── Data extracts ──

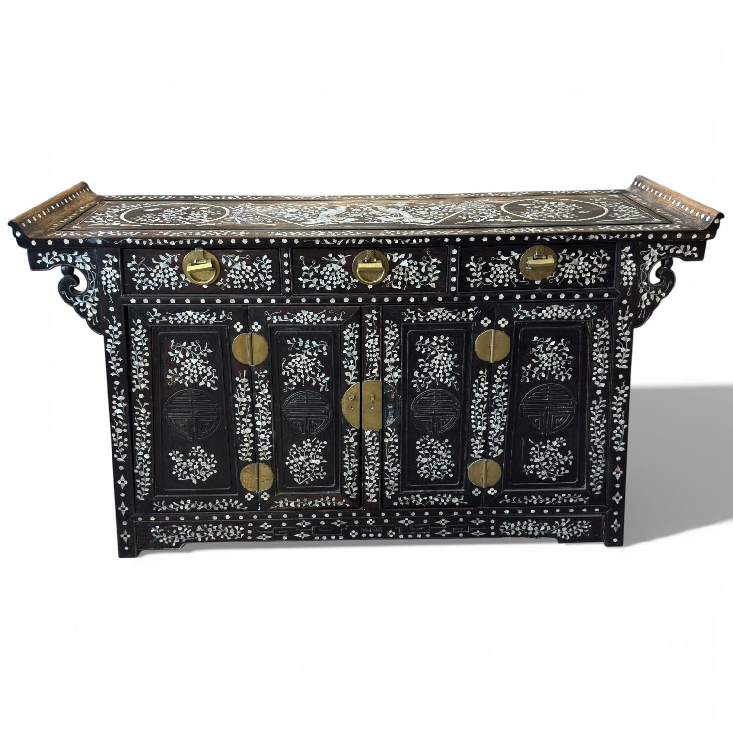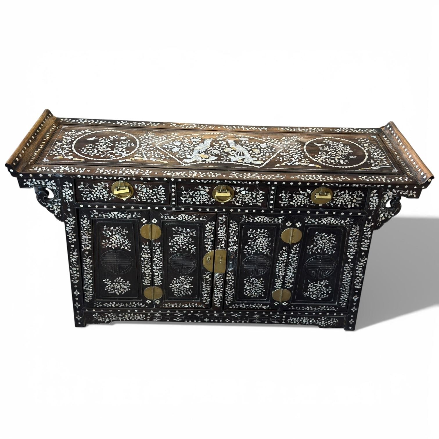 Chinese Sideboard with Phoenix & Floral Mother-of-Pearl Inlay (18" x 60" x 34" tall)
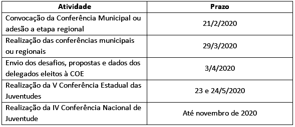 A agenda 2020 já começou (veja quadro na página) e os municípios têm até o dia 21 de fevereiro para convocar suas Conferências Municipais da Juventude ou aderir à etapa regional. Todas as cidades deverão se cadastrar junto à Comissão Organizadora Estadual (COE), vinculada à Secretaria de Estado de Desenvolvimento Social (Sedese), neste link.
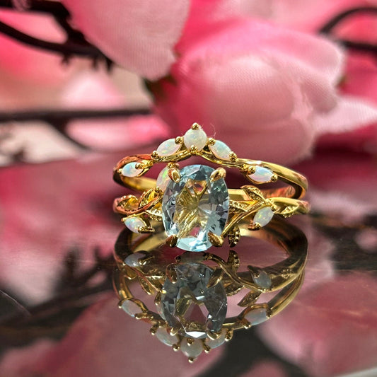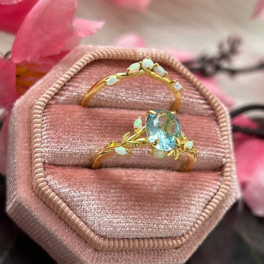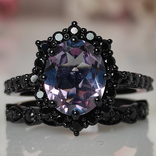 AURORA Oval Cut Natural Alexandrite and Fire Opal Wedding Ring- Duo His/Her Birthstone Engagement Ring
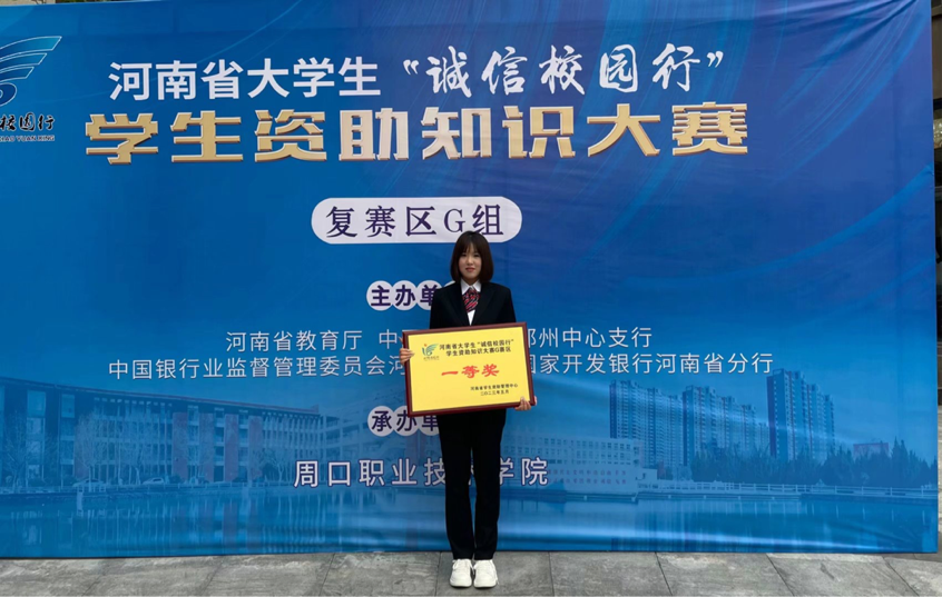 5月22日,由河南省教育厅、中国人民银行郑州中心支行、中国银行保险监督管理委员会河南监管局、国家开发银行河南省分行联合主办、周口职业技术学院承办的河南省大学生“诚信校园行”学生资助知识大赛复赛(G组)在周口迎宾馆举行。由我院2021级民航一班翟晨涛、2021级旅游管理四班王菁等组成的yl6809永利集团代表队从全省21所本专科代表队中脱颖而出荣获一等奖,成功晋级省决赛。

───
── Data extracts ──

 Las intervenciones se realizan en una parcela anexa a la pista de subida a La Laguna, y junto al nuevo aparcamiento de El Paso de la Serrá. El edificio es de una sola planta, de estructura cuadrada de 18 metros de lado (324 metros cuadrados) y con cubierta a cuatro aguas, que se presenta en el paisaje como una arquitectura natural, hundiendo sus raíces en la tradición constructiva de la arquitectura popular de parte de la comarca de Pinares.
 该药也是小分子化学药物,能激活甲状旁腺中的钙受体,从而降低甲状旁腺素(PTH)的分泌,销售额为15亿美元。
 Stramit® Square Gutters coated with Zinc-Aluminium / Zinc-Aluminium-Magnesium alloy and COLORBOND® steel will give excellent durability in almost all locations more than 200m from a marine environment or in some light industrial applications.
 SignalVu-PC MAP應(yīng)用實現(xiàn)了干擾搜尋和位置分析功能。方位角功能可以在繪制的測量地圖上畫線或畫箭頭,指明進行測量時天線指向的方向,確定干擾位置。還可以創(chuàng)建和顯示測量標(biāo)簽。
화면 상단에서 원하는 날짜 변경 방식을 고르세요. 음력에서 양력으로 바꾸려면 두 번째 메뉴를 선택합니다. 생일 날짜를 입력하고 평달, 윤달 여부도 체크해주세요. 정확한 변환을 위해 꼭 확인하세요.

───

## Task requirements
Nothing but the lines above, starting at the line that contains "Chinese Sideboard with" and ending at the line that contains "AURORA Oval Cut", should be given again, exactly and without the pictures.

## Completed task
 Chinese Sideboard with Phoenix & Floral Mother-of-Pearl Inlay (18" x 60" x 34" tall)
 A agenda 2020 já começou (veja quadro na página) e os municípios têm até o dia 21 de fevereiro para convocar suas Conferências Municipais da Juventude ou aderir à etapa regional. Todas as cidades deverão se cadastrar junto à Comissão Organizadora Estadual (COE), vinculada à Secretaria de Estado de Desenvolvimento Social (Sedese), neste link.
 AURORA Oval Cut Natural Alexandrite and Fire Opal Wedding Ring- Duo His/Her Birthstone Engagement Ring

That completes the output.